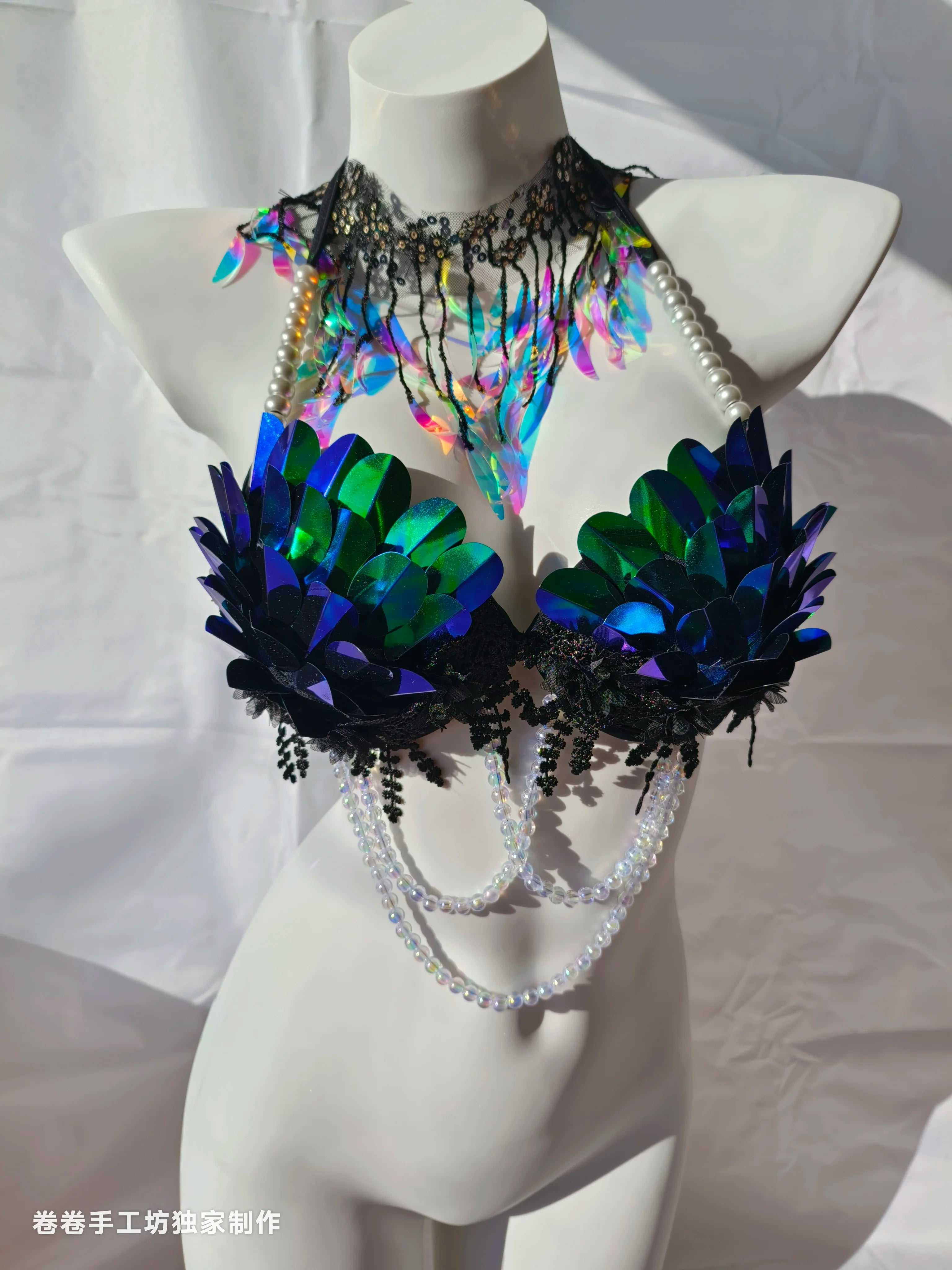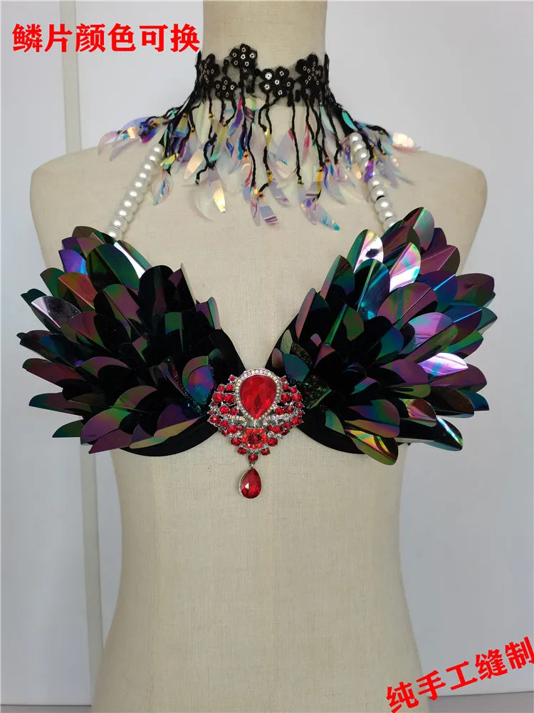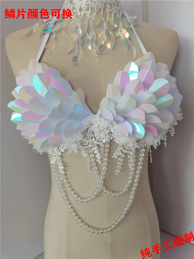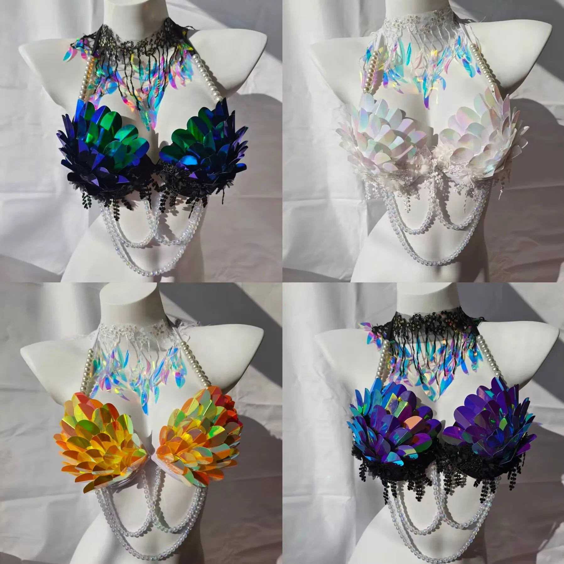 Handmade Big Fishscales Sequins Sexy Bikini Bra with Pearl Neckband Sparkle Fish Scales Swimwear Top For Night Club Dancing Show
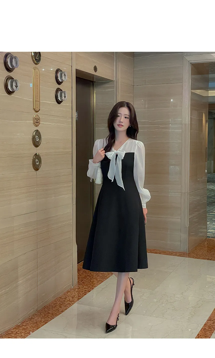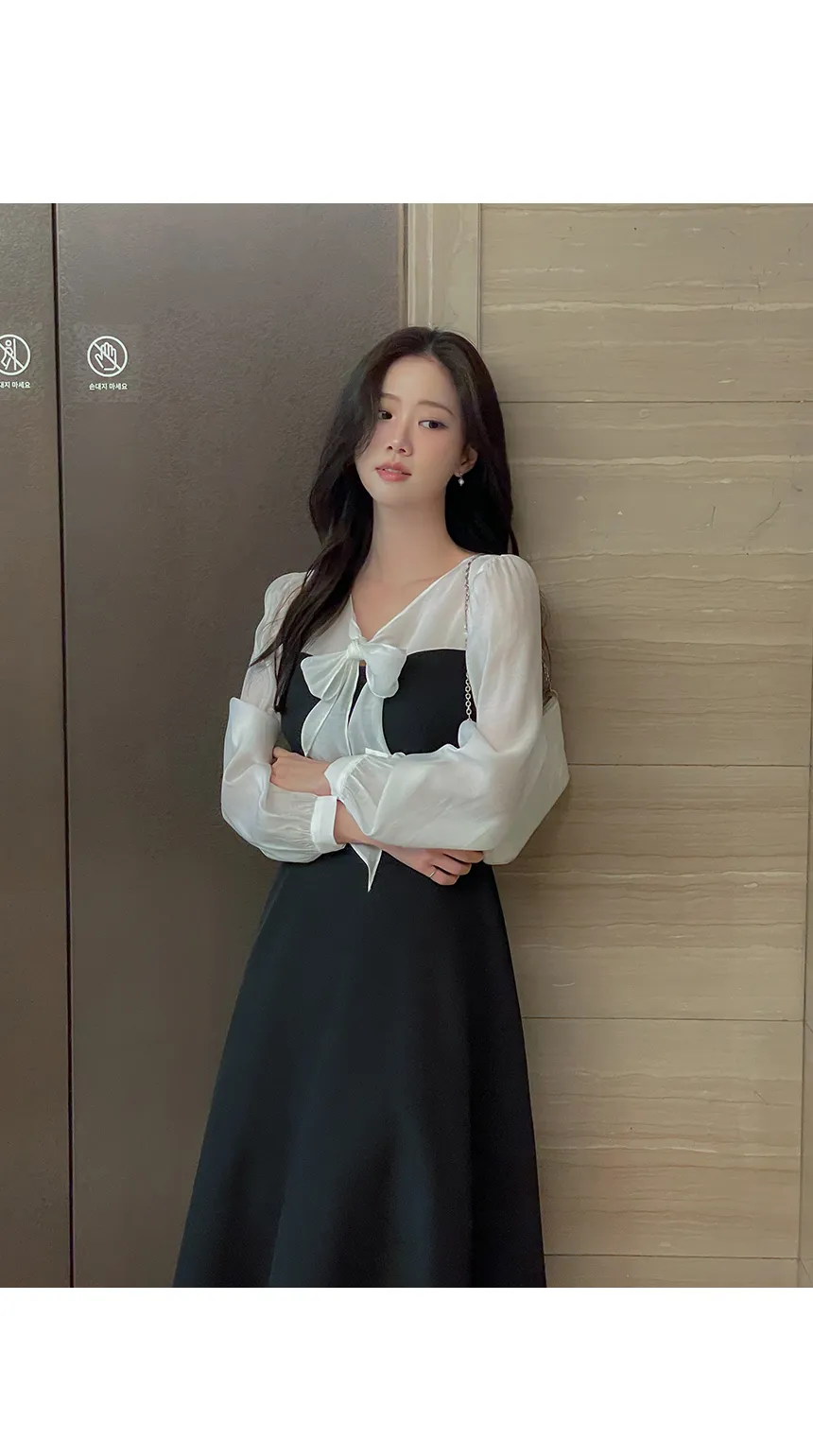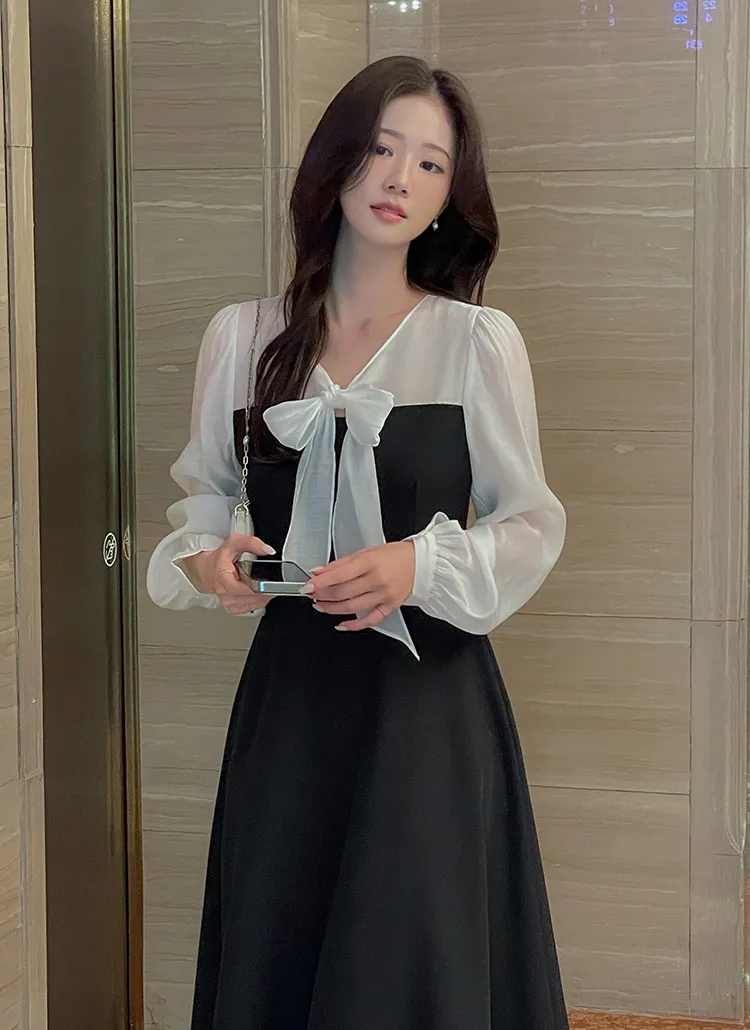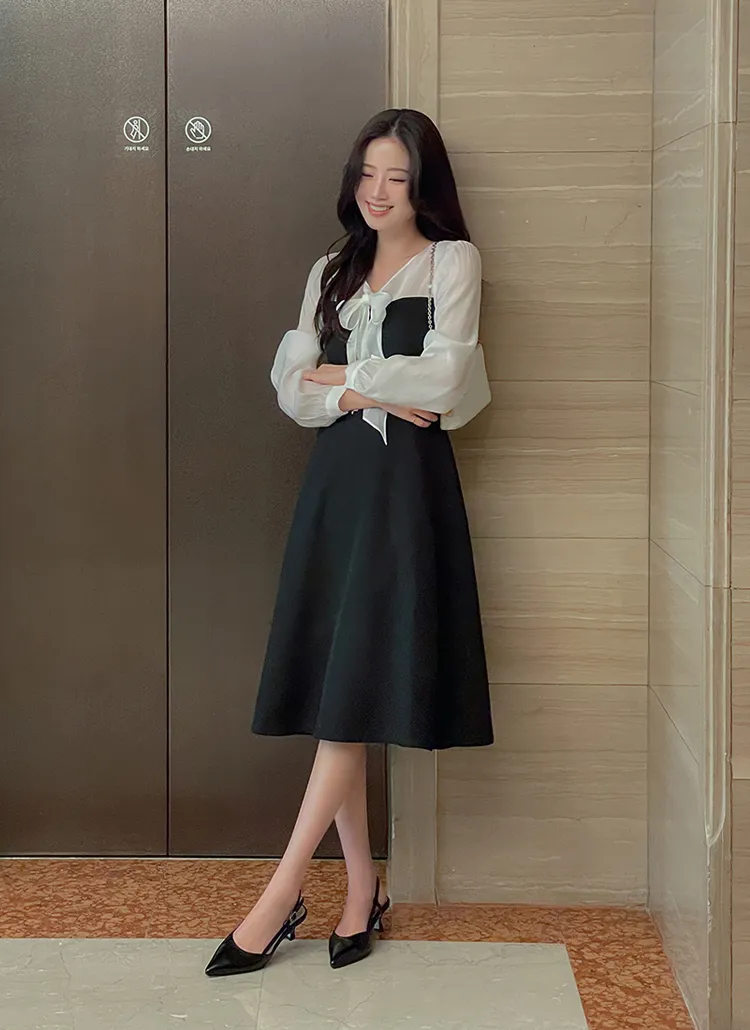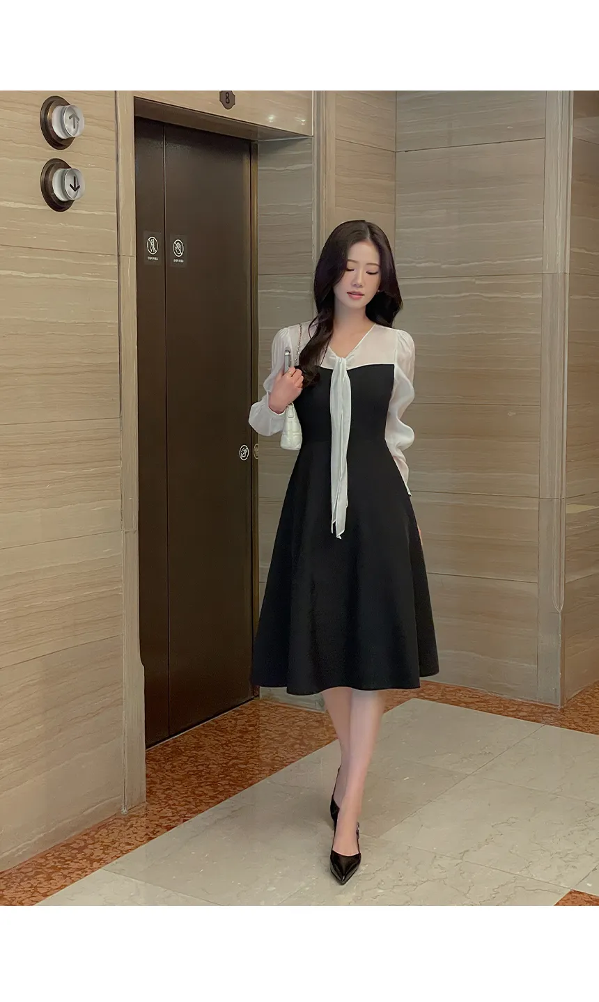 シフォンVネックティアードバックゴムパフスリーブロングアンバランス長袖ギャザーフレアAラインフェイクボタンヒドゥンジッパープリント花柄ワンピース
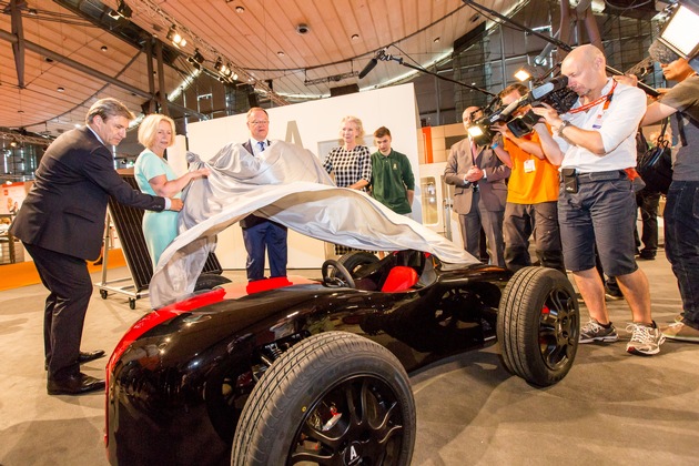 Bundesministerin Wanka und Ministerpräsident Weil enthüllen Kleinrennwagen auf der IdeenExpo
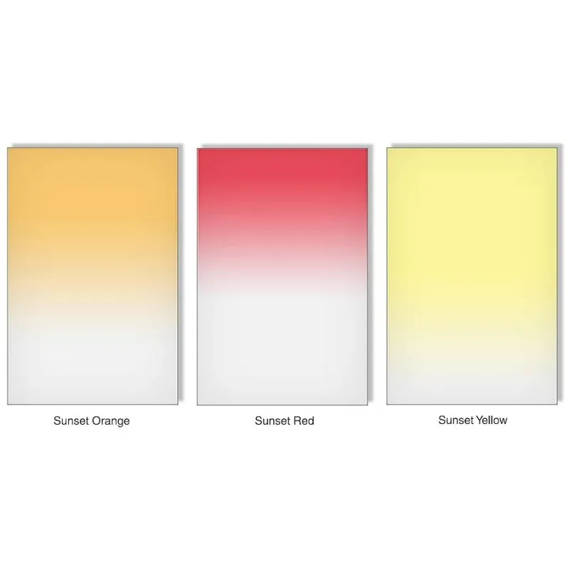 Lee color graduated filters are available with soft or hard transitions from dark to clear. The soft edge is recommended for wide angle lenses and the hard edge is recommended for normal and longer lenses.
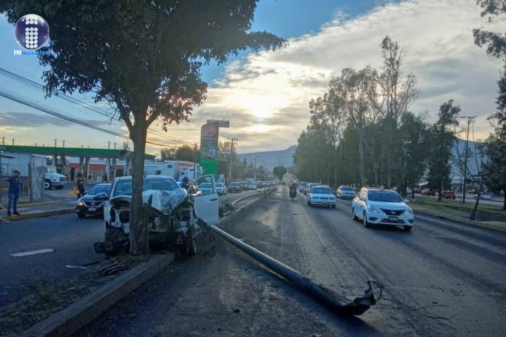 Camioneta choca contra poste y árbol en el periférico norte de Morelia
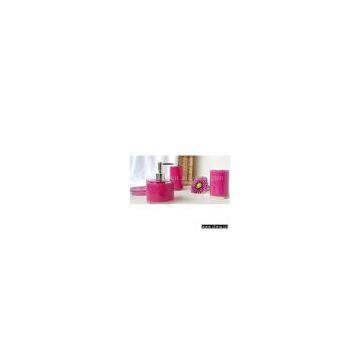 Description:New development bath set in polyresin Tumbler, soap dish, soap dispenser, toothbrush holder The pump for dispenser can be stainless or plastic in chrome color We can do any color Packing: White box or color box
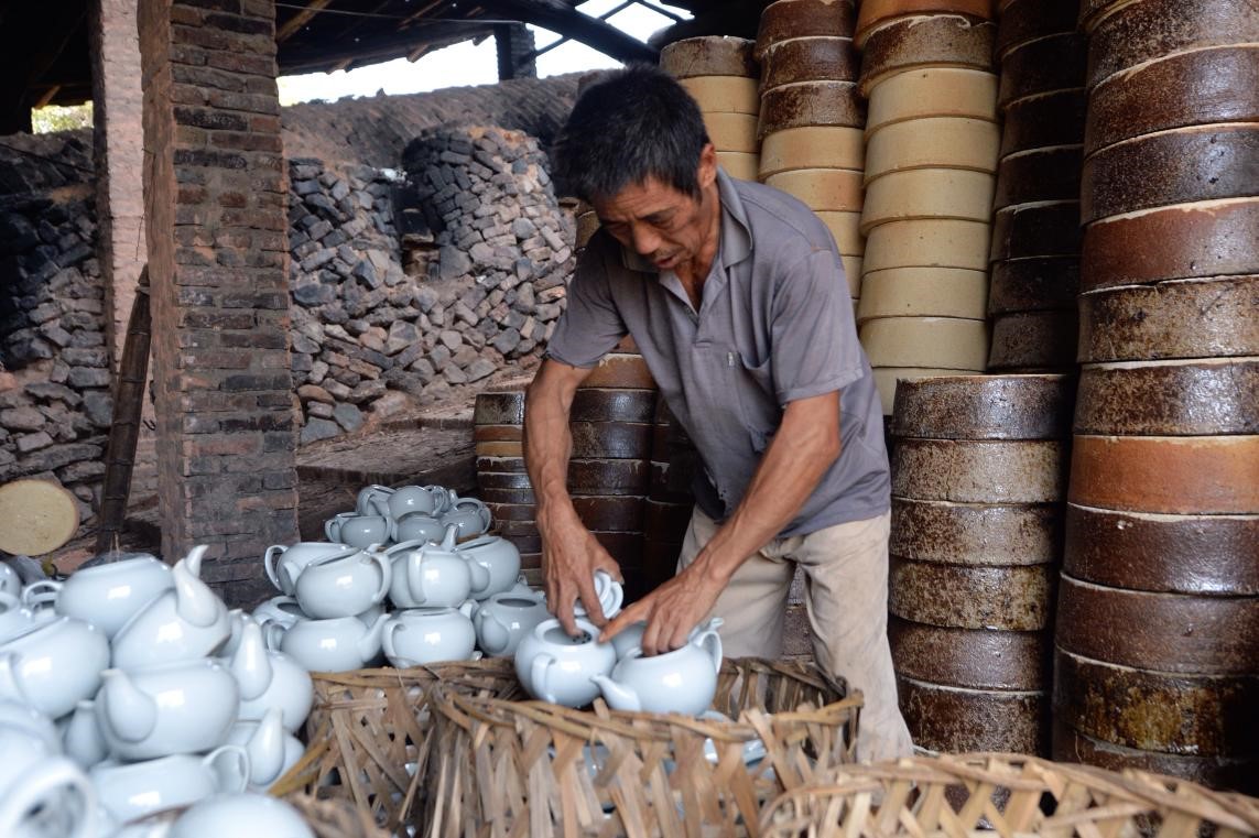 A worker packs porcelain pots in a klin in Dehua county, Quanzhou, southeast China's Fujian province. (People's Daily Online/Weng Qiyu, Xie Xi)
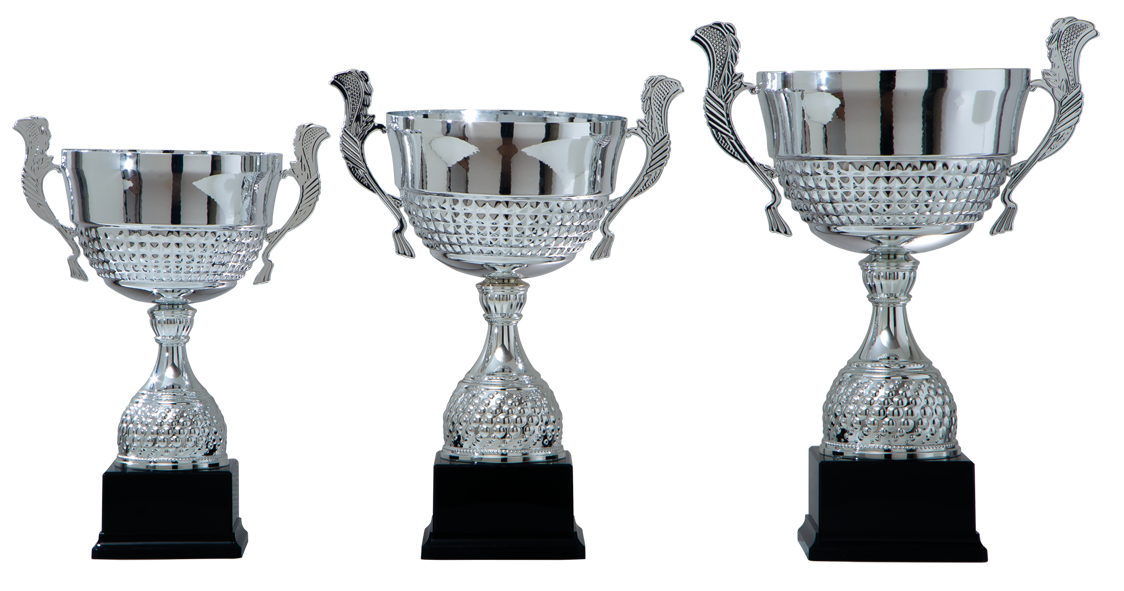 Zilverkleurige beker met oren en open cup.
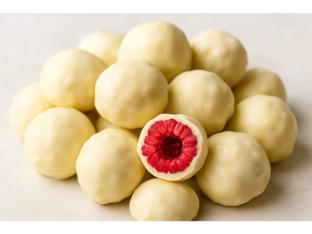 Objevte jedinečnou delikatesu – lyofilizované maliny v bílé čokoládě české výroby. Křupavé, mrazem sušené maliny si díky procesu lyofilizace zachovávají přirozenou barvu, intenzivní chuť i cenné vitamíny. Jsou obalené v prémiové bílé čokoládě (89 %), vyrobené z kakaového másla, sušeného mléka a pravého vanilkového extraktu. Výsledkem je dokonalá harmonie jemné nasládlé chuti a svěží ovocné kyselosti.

------------------------------------------------------------

▸ **Task objective**: For the data above, set down exactly the lines from the line with "Lee color graduated" to the line with "Camioneta choca contra", both included, leaving pictures out.

▸ **Response box**:
 Lee color graduated filters are available with soft or hard transitions from dark to clear. The soft edge is recommended for wide angle lenses and the hard edge is recommended for normal and longer lenses.
 Camioneta choca contra poste y árbol en el periférico norte de Morelia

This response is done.